As the proportion of unprofitable property transactions surged from 9% (508 out of 5,433 matched transactions) in 2015 to 17% (1,002 out of 5,924 matched transactions) in 2016, the losses incurred by sellers climbed 62% from $161 million to $260 million over the same period.
The study by The Edge Property matched the latest sub-sale and resale caveats with their previous caveats based on data from URA Realis as at Dec 28, 2016. The computation of gains and losses accounts for Seller’s Stamp Duty (SSD), where applicable, but excludes other costs and duties incurred by the sellers. The study covers strata properties in the non-landed residential, industrial, office and retail segments.

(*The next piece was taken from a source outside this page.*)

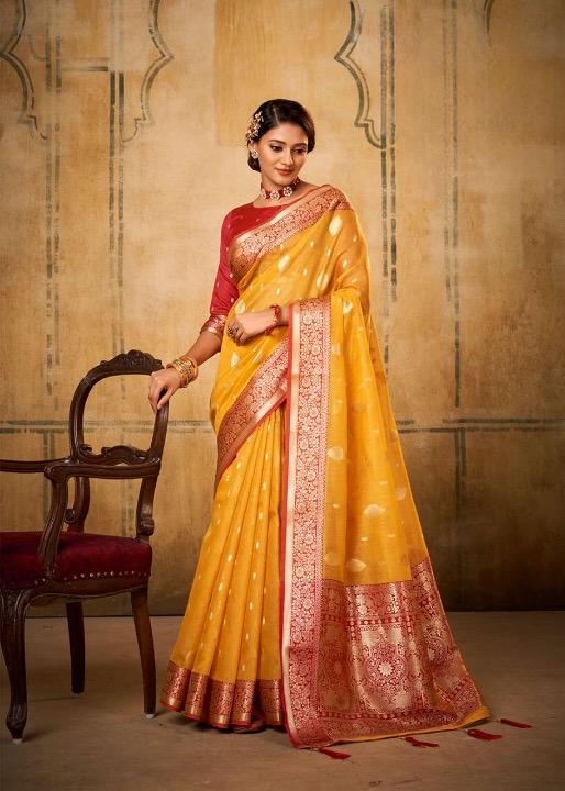 Elevate your style to regal heights with the captivating BANARSI TISSUE SILK SAREE. • Exquisite...
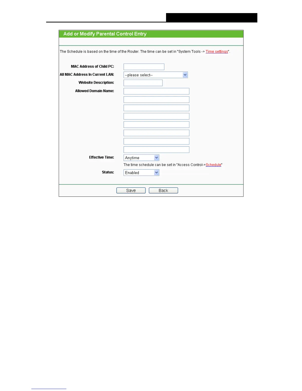 Parental Control - Check Enable if you want this function to take effect; otherwise,

In the condominium and apartment segment, the proportion of unprofitable transactions was 10% (447 out of 4,687 matched transactions) in 2015. In 2016, the proportion rose to 17% (873 out of 5,264 matched transactions). While the majority of sellers enjoyed profits, the average profit per transaction fell from $310,815, or 37%, in 2015 to $224,721, or 28%, in 2016. The losses incurred by sellers of private non-landed homes climbed 57% from a total of $151 million in 2015 to $236 million in 2016 (see chart).

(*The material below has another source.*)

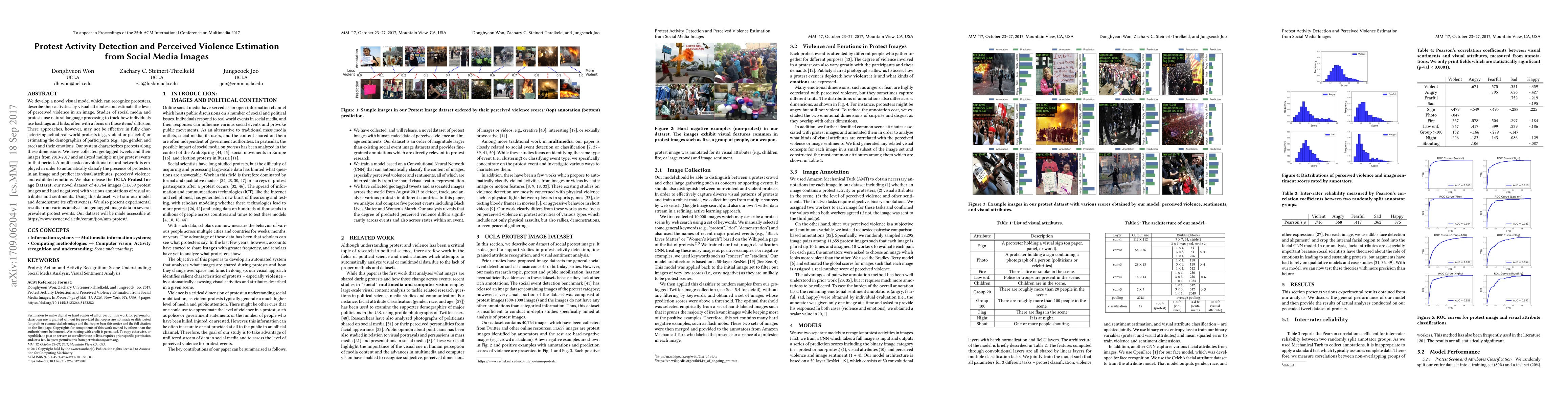 This research introduces a visual model to detect protest activity and estimate perceived violence from social media images, addressing gaps in current text-based approaches. The model uses a multi-task convolutional neural network to classify protesters, predict visual attributes, and assess emotions, supported by a new dataset of geotagged protest images.
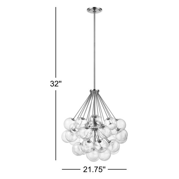 The glass globes show crisp clarity and depth, giving a bold sculptural vibe to the piece

Source: URA, The Edge Property
The biggest loss of $4.65 million in the private non-landed home segment in 2016 accrued to a 4,241 sq ft unit at Seascape in Sentosa Cove. The unit was bought at $11 million, or $2,594 psf, in December 2011 and sold at $6.35 million, or $1,497 psf, in October 2016. This translates into a loss of 42%, or 11% per annum over a holding period of about five years. Transacted resale prices at Seascape have fallen from a peak of between $2,551 and $2,867 psf in 2012 to between $1,403 and $1,497 psf in 2015 and 2016. Completed in 2011, Seascape is a 99-year leasehold condo comprising 151 units.
A 4,241 sq ft unit at Seascape was sold at the biggest loss in 2016
A seller at The Ritz-Carlton Residences incurred the second-highest loss in 2016 when he sold a 2,831 sq ft unit at $7.1 million, or $2,508 psf, in March 2016. He bought the unit at $10.8 million, or $3,815 psf, in June 2013. The seller would likely have incurred an 8% SSD, or $568,000, owing to a holding period of less than three years. Including SSD, the losses total $4.27 million (40%), or 17% annualised. Transacted resale prices at The Ritz-Carlton Residences have fallen from a peak of between $3,768 and $3,896 psf in 2012 and 2013 to between $2,508 and $3,003 psf in 2016. The Ritz-Carlton Residences is a freehold development comprising 58 units on Cairnhill Road in prime District 9. It was completed in 2011.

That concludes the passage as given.